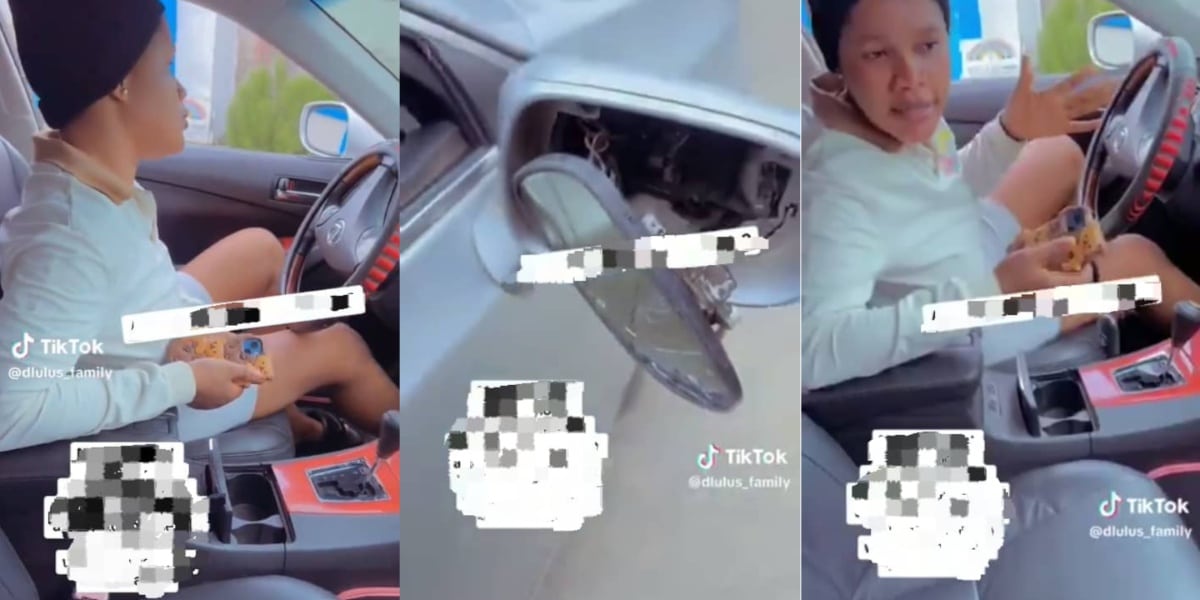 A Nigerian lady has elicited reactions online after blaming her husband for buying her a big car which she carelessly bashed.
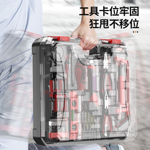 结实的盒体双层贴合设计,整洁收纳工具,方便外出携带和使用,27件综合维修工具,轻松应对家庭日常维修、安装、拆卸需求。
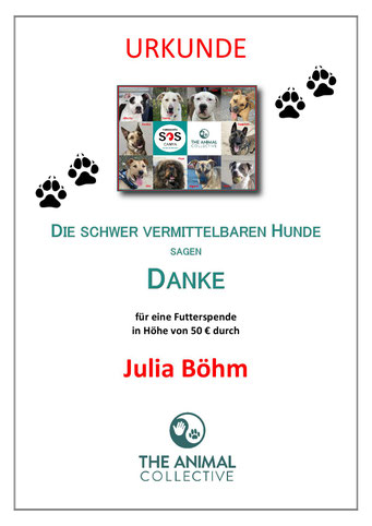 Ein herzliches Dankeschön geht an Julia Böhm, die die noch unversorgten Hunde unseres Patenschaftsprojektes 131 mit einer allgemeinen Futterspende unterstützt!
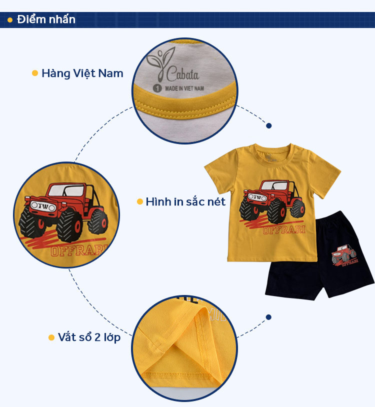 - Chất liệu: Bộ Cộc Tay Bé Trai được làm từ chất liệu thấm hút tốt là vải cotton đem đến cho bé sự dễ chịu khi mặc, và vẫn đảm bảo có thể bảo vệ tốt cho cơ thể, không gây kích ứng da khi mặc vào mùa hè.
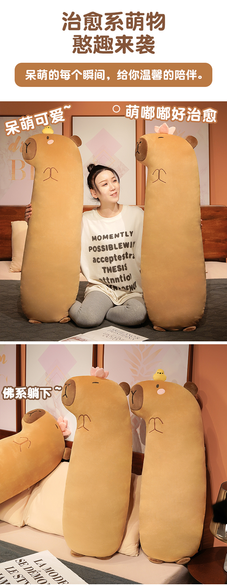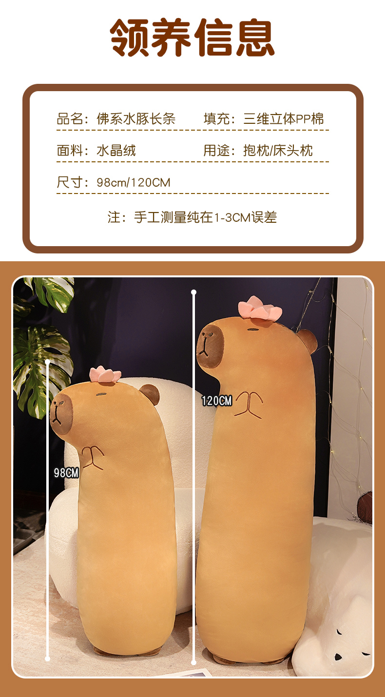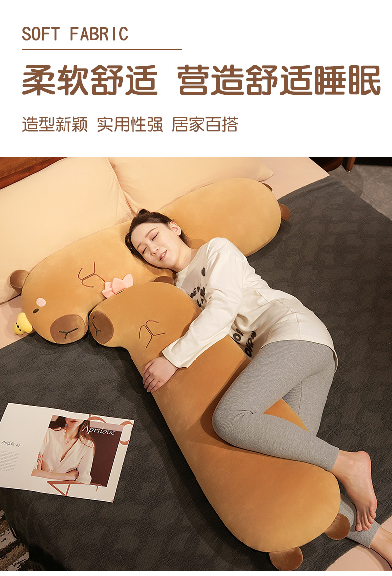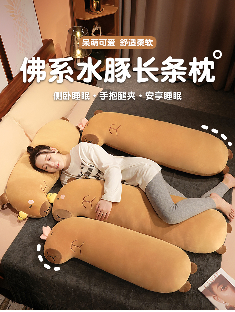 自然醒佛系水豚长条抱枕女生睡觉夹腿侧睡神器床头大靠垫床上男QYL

WORK INSTRUCTION
Keeping pictures out, repeat exactly the lines from the one containing "Ein herzliches Dankeschön" through the end of the listing.

ANSWER TO THIS EXERCISE
 Ein herzliches Dankeschön geht an Julia Böhm, die die noch unversorgten Hunde unseres Patenschaftsprojektes 131 mit einer allgemeinen Futterspende unterstützt!
 - Chất liệu: Bộ Cộc Tay Bé Trai được làm từ chất liệu thấm hút tốt là vải cotton đem đến cho bé sự dễ chịu khi mặc, và vẫn đảm bảo có thể bảo vệ tốt cho cơ thể, không gây kích ứng da khi mặc vào mùa hè.
 自然醒佛系水豚长条抱枕女生睡觉夹腿侧睡神器床头大靠垫床上男QYL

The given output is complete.